## EXERCISE BRIEF
Nothing should appear in the answer except the lines from the one with "Thunderbird 500 350" through the end of the listing below, transcribed exactly and without pictures.

## DATA SHOWN
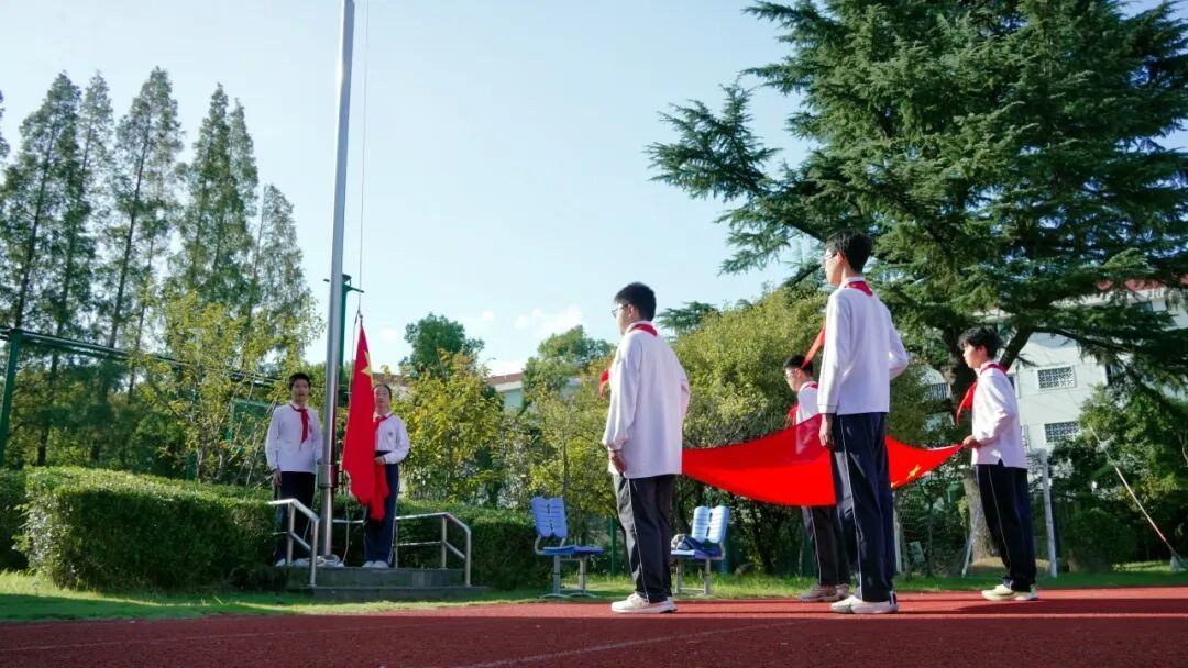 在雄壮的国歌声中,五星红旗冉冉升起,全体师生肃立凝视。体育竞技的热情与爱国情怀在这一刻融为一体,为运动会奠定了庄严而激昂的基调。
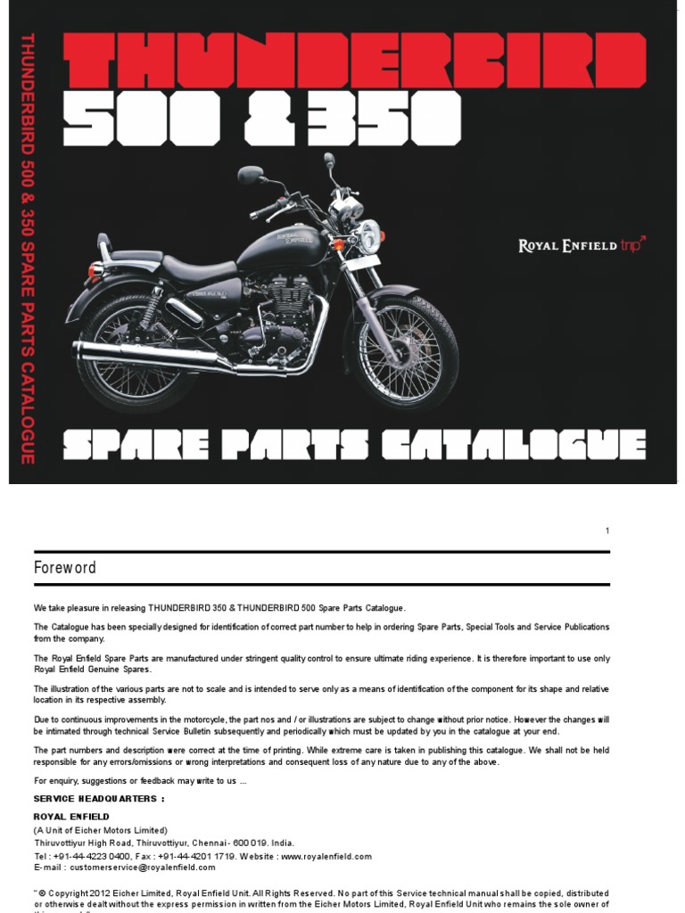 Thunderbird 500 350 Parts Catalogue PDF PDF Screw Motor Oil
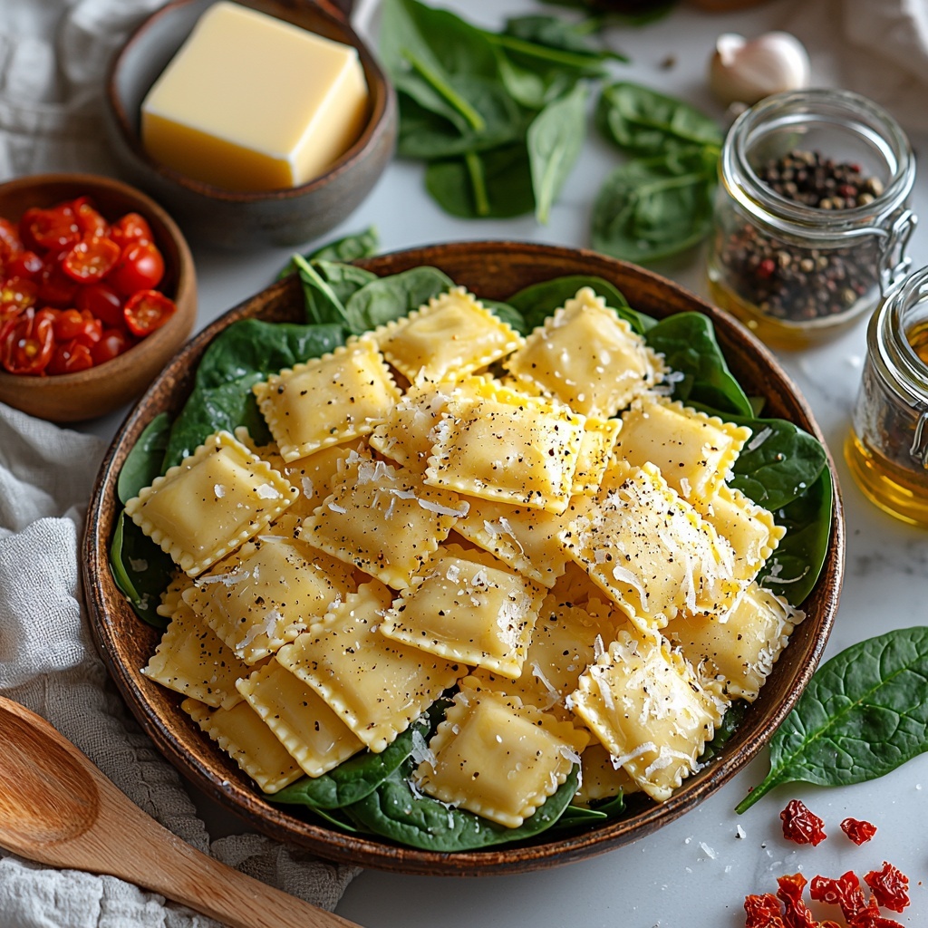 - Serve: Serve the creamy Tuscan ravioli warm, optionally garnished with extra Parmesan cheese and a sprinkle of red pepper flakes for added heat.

## FINAL ANSWER
 Thunderbird 500 350 Parts Catalogue PDF PDF Screw Motor Oil
 - Serve: Serve the creamy Tuscan ravioli warm, optionally garnished with extra Parmesan cheese and a sprinkle of red pepper flakes for added heat.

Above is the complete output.